> [Exercise input]:
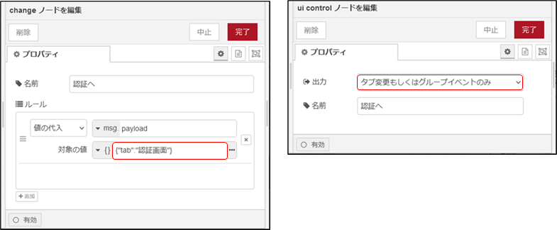ui-controlノードは、ダッシュボードのタブやグループなどの表示切替などの制御に使用されるノードですので、ダッシュボードへの接続(connect)、切断(lost)、タブの移動(change)などの情報を出力してくれます。これを、「切断」ボタンを押さないまま、ダッシュボードから抜けていった端末を検出するのに使用します。
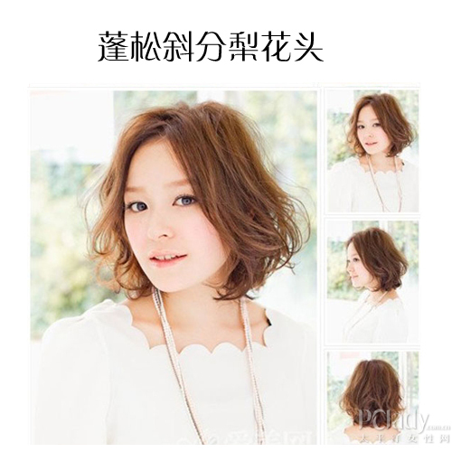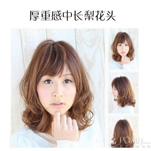 斜分的刘海搭配上层次感的不规则烫发梨花头,厚重感增加了发型的质感。
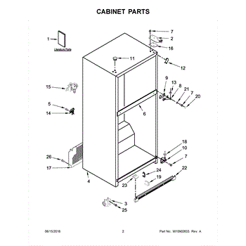 The Hinge Washer is an OEM replacement part for Whirlpool refrigerators. This small washer plays a supports the refrigerator door hinge assembly. Center hinge plastic washer. Causes of a bad hinge washer are generally normal wear and tear from extensive use. As the washer absorbs pressure each time the door is opened or closed, it can gradually deteriorate or crack. Physical damage is also possible if the door is accidentally struck or slammed. Symptoms of a worn or damaged hinge washer include:
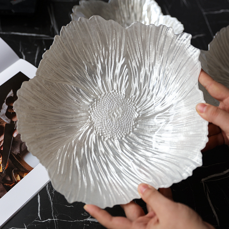 北欧の現代の花の形の家庭用の果物の皿の水晶のガラスのお菓子の皿の美しい珠の光の簡単な皿
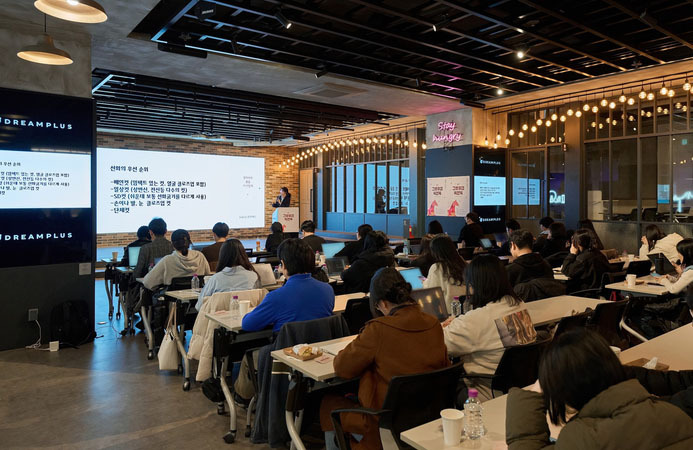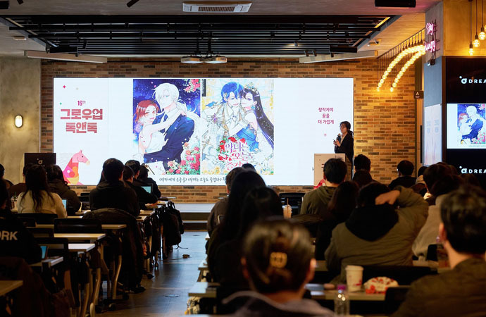 이번 16회 강연에는 ▲양치기자리 작가(‘웹소설은 숏폼이 아니다’) ▲화람 작가(‘지속 가능한 노블코믹스 웹툰 작가로 살아남기’) ▲스튜 작가(‘캐릭터 디자인부터 완결까지, 로판 작화가가 하는 일’)가 연사로 참여했다. 강연에서는 연재형 서사의 구조 설계, 장르 특성에 맞는 캐릭터 구축, 데뷔 이후 커리어 관리 전략 등 현업 경험을 기반으로 한 구체적인 사례가 공유됐다. 작가들은 실제 작업 콘티와 제작 과정을 공개하고, 안정적인 연재를 위한 작업 루틴과 자료 조사 방법 등을 설명하며 현장의 높은 호응을 얻었다.
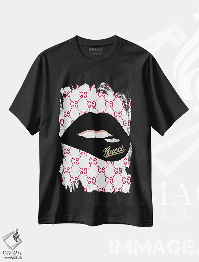 تیشرت مشکی طرح دار لب های گوچی، هنر دیجیتال اثر جولی شریبر | فروشگاه ایماژ تیشرت طرح دار لب های گوچی اثر جولی شریبر

> [Exercise]: Each entry should appear again exactly as written, pictures excluded.

> [Solution to this exercise]:
ui-controlノードは、ダッシュボードのタブやグループなどの表示切替などの制御に使用されるノードですので、ダッシュボードへの接続(connect)、切断(lost)、タブの移動(change)などの情報を出力してくれます。これを、「切断」ボタンを押さないまま、ダッシュボードから抜けていった端末を検出するのに使用します。
 斜分的刘海搭配上层次感的不规则烫发梨花头,厚重感增加了发型的质感。
 The Hinge Washer is an OEM replacement part for Whirlpool refrigerators. This small washer plays a supports the refrigerator door hinge assembly. Center hinge plastic washer. Causes of a bad hinge washer are generally normal wear and tear from extensive use. As the washer absorbs pressure each time the door is opened or closed, it can gradually deteriorate or crack. Physical damage is also possible if the door is accidentally struck or slammed. Symptoms of a worn or damaged hinge washer include:
 北欧の現代の花の形の家庭用の果物の皿の水晶のガラスのお菓子の皿の美しい珠の光の簡単な皿
 이번 16회 강연에는 ▲양치기자리 작가(‘웹소설은 숏폼이 아니다’) ▲화람 작가(‘지속 가능한 노블코믹스 웹툰 작가로 살아남기’) ▲스튜 작가(‘캐릭터 디자인부터 완결까지, 로판 작화가가 하는 일’)가 연사로 참여했다. 강연에서는 연재형 서사의 구조 설계, 장르 특성에 맞는 캐릭터 구축, 데뷔 이후 커리어 관리 전략 등 현업 경험을 기반으로 한 구체적인 사례가 공유됐다. 작가들은 실제 작업 콘티와 제작 과정을 공개하고, 안정적인 연재를 위한 작업 루틴과 자료 조사 방법 등을 설명하며 현장의 높은 호응을 얻었다.
 تیشرت مشکی طرح دار لب های گوچی، هنر دیجیتال اثر جولی شریبر | فروشگاه ایماژ تیشرت طرح دار لب های گوچی اثر جولی شریبر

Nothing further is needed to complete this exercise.